Another issue with RK4 is the fixed step size. I'll start with a circular orbit subject to an inverse square central force problem (e.g., Newtonian point source gravitation). The object doesn't move at all if the step size is ridiculously small and finite precision arithmetic is used. This is because $$1+10^{-16}$$ is identically equal to one using IEEE double precision (64 bit) arithmetic. As the step size is increased, the computation time decreases as does the error -- to a point. At some point with increased step size, the truncation errors inherent to the integration technique itself begin to dominate over the decrease in finite precision error. Different numerical integration techniques have different inflection points, but they all suffer from these two competing sources of error.

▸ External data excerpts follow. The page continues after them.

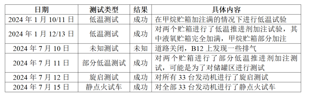 表2 星艦S30地面試驗歷程
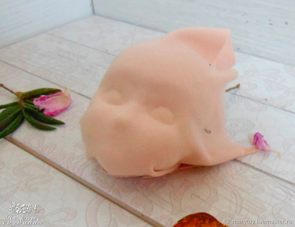 Выворачиваем, очень плотно набиваем синтепухом. И намечаем карандашом, либо исчезающим маркером личико.
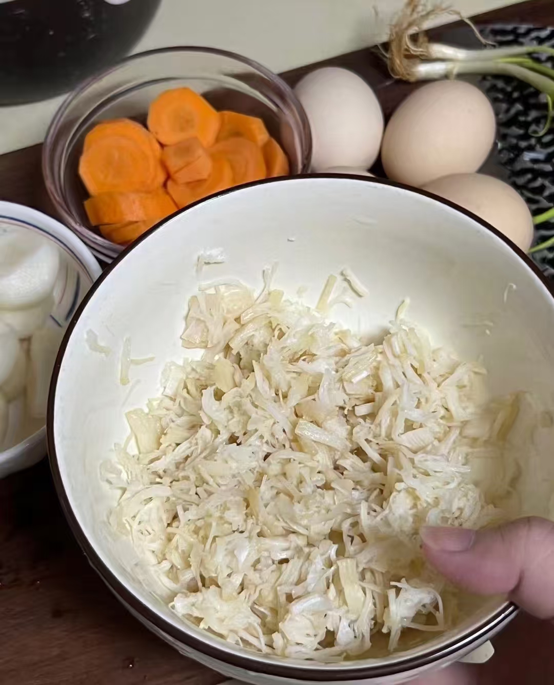 主角四剑客:干贝12粒、鸡蛋3个、胡萝卜半根、葧荠4颗。干贝是鲜味发动机,提前一晚冷水+料酒+两片姜泡上,第二天它就胖成软萌小枕头;着急的用热水20分钟也能救场。泡发后别急着切,用手指顺着纹理撕成粗丝,越粗犷越好,粗的有嚼头,细的能挂蛋,口感才立体。泡贝的水千万别倒,沉底的微量沙粒扔掉,上层清亮液体留着,等会儿让蛋液“喝”个饱,天然味精不花钱。
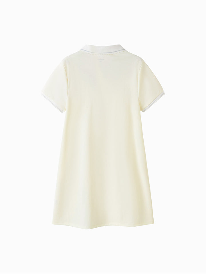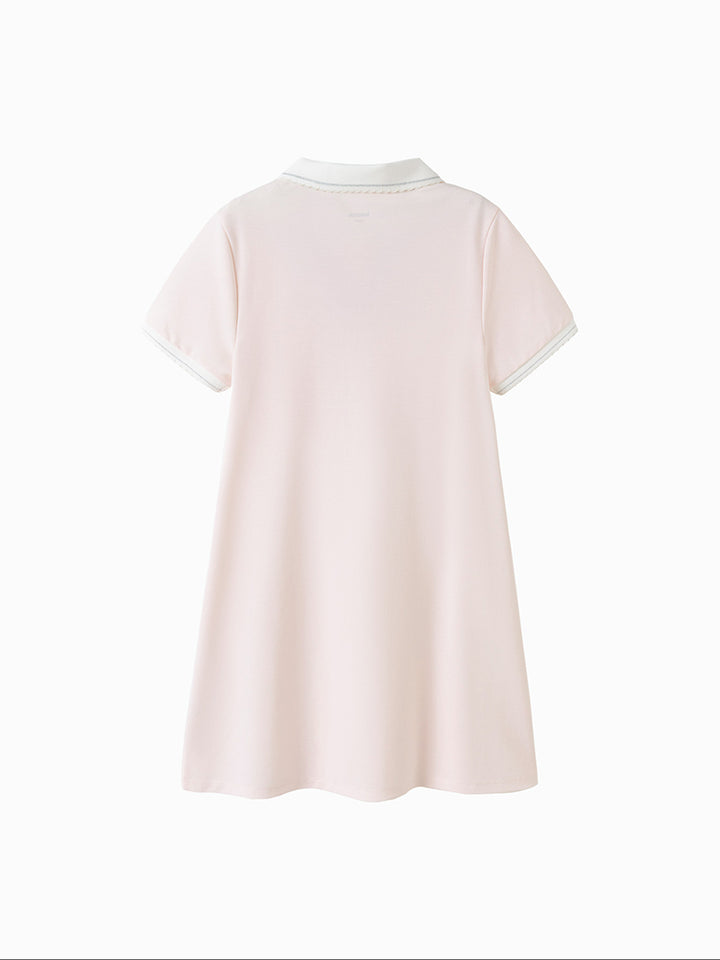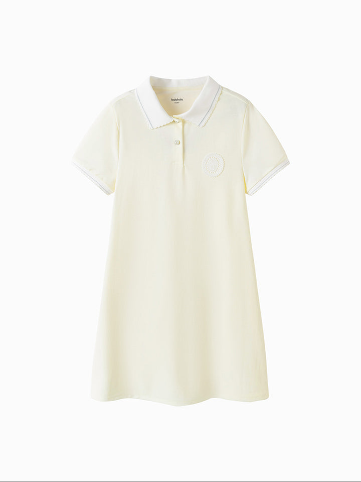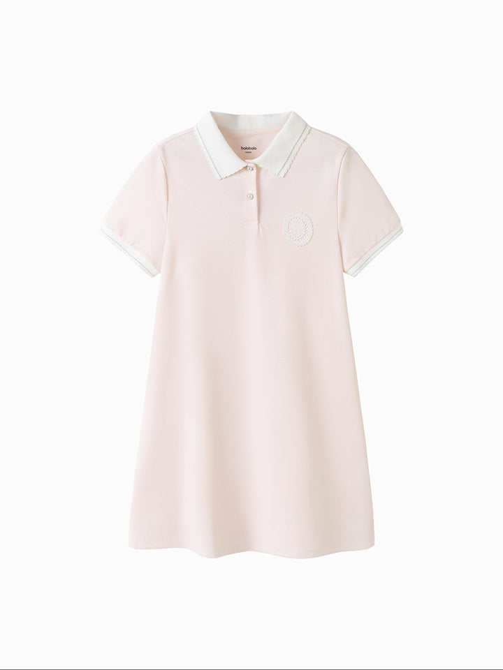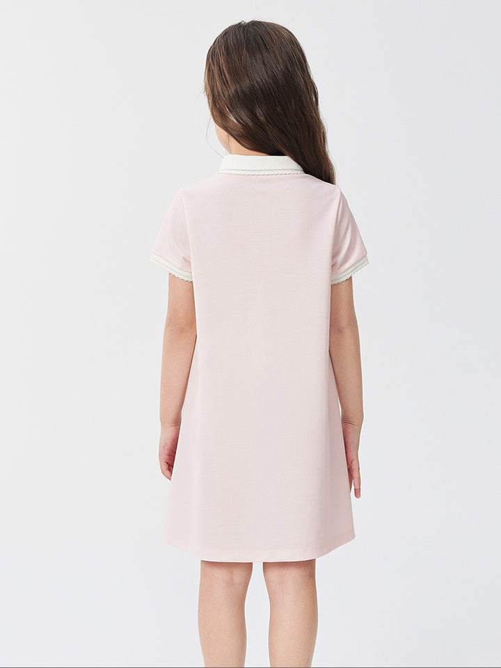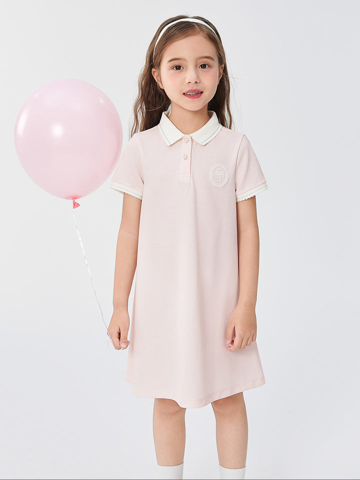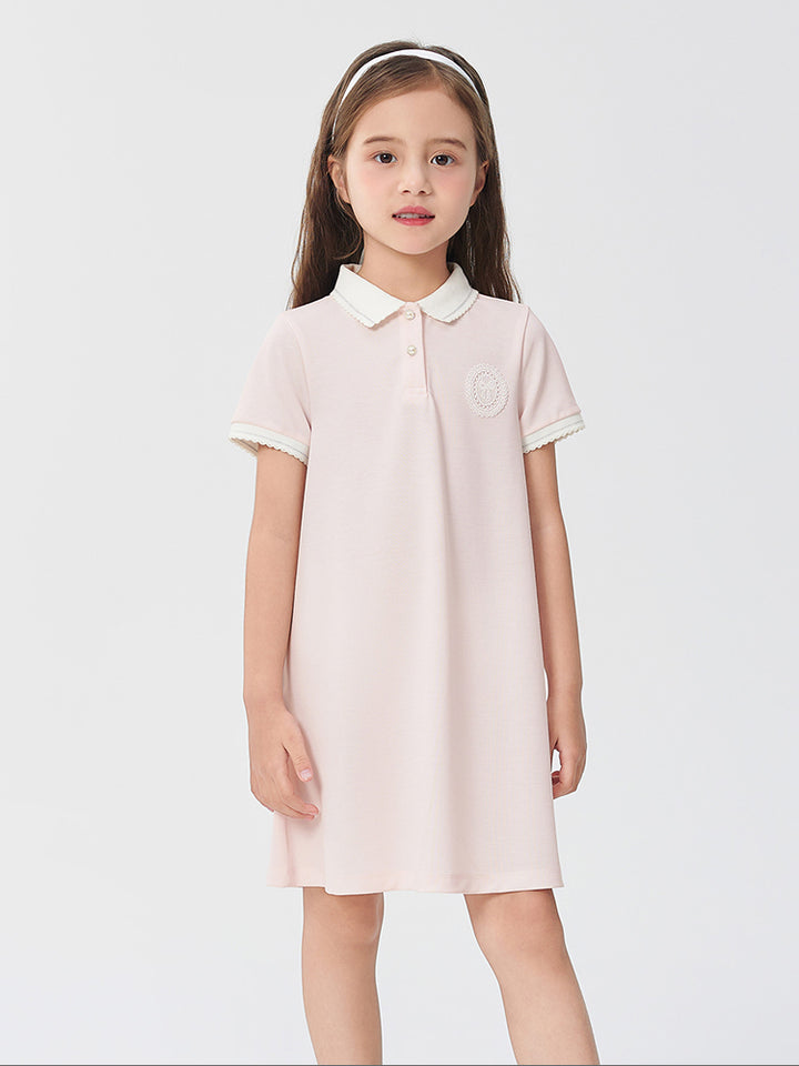 This charming kids dress features short sleeves, an embroidered patch on the front, and classic collar detailing. The front closure buttons add a stylish touch while ensuring a comfortable fit. Perfect for any casual outing

Adaptive techniques regularly adjust the integration step size so as to attempt to stay near that sweet spot where the error is minimized. RK4 is not adaptive. The issue with non-circular orbits is that the ideal step size varies over the course of an orbit. The ideal step size near periapsis is too small for points near apoapsis, resulting in overly large finite precision errors near apoapsis, while the ideal step size near apoapsis is too large for points near periapsis, resulting in overly large truncation errors there.

True anomaly is the only orbital element that iterates with time so if true anomaly changes every second, then doesn't the initial position and velocity vectors change every second, making it hard for the integrator as it would propagate a different orbit in each of those 6000 seconds due to different initial positions?

True anomaly is the only Keplerian orbital element that changes over time if (and only if) the problem in question is an inverse square central force problem such as Newtonian gravitational attraction to a single point source. All of the Keplerian elements are subject to change when there is more than one gravitating body is present, or when the central body does not have a spherical mass distribution, or when non-gravitational perturbing forces are present, or when non-Newtonian concerns (e.g., general relativity) are brought into play. These real-world issues throw Keplerian orbits under the real-world bus, and this is why numerical integration techniques are used for real-world orbit propagation.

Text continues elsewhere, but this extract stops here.